2.2. How to design a Zero Trust Architecture? Few points to consider.

  • Plan ahead and design an architecture based on the outcomes you define.
  • When designing, consider securing all areas.
  • Decide who, what, where, and when to allow access and at what levels. Accordingly, draft access control policies and implement them across environments.
  • Inspect all traffic that enters or leaves your network and take full control of all activities over all layers.
  • Use multi-factor authentication (MFA) and short-lived credentials.
  • Apply the right workflows and regularly create reporting and analytics of compliance.

2.3. Trust Broker and Actionable Metrics

In a Zero Trust architecture, a trust broker plays a crucial part in deciding whether the context, identity, and policy adherence are sufficiently trusted before allowing access to the specified participants. To make this decision, following are the trust metrics on the basis of which security teams operate within an organization:

2.3.1. People Trust Metrics

User Authentication: This involves verifying the authentication status of users and the security level that users need to pass. For example, two-factor or multi-factor authentication provide better security than simple authentication.

User Activity: This involves verifying if the users follow normal working patterns in an organization. For example, are users accessing the devices during normal working hours? Are users accessing the organizational resources from their usual access devices?

2.3.2. Device Trust Metrics

Location Tracking: This involves verifying whether a device is being operated from an expected geographic location, using a safe network.

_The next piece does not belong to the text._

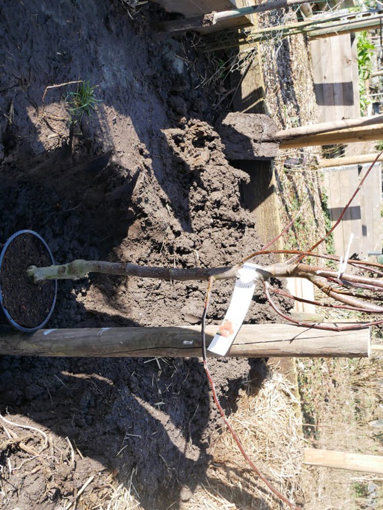 Nu wordt het tijd om te meten. Een fruitboom moet net zo diep worden uitgeplant als dat ze in de pot staat. Als je een boom met kale wortels koopt moet de entplaats heel ruim boven de grond blijven. Als je een boom te diep plant is de kans groot dat ze later vanuit het ondergrondse gedeelte uit gaat lopen. Op de foto kun je ook goed zien waar de ent zit; het verdikte stukje zo’n 15 tot 20 centimeter boven de pot.

Device Security: This involves steps that authenticates if the device is used by an authorized person and has anti-virus, anti-malware installed.

2.3.3. Data Trust Metrics

This includes verifying the following:

(a) Who has access to what kind of data?

(b) What is the level of sensitivity of the data?

(c) What security parameters are set on the different data types?

3. Do you need Zero Trust security?

Here are the benefits of implementing a Zero Trust security architecture:

3.1. Reduces risk for organizations

Zero Trust helps organizations to minimize risk in the cloud and improve governance and compliance. It helps them to gain better visibility into all devices and users, detect threats, maintain control across a network. A Zero Trust model helps in defining policies that get updated automatically when risks are identified.

3.2. Turns down the breach possibilities

Data breaches can not only cause financial loss to companies but also can impact a customer’s confidence in them. Both customers and governments are increasingly growing their demands for security and data privacy, and it is on enterprises to meet that requirement in the best possible manner.

To reduce the possibility of breaches, a network using the Zero Trust architecture continuously analyzes the workload. The moment a mismatch is detected, its communication privileges are blocked from the rest of the system. This process continues within the system until the system is improved according to the defined security policies.

3.3. Improves compliance and trust

Zero Trust architectures naturally improves an organization’s appetite for compliance and adherence to the policies. This in turn, helps them gain customer trust. There are many tools provided by trusted vendors offering cyber security services to businesses of all sizes to help make the digital world more secure.

4. Conclusion

You may be having a secure infrastructure and so, may have nothing to be worried about. But what’s the harm in getting it assessed and verified.

Building a Zero Trust security architecture can be an excellent decision for futuristic organizations . With time, Zero Trust will be  the only framework in the market when it comes to cybersecurity.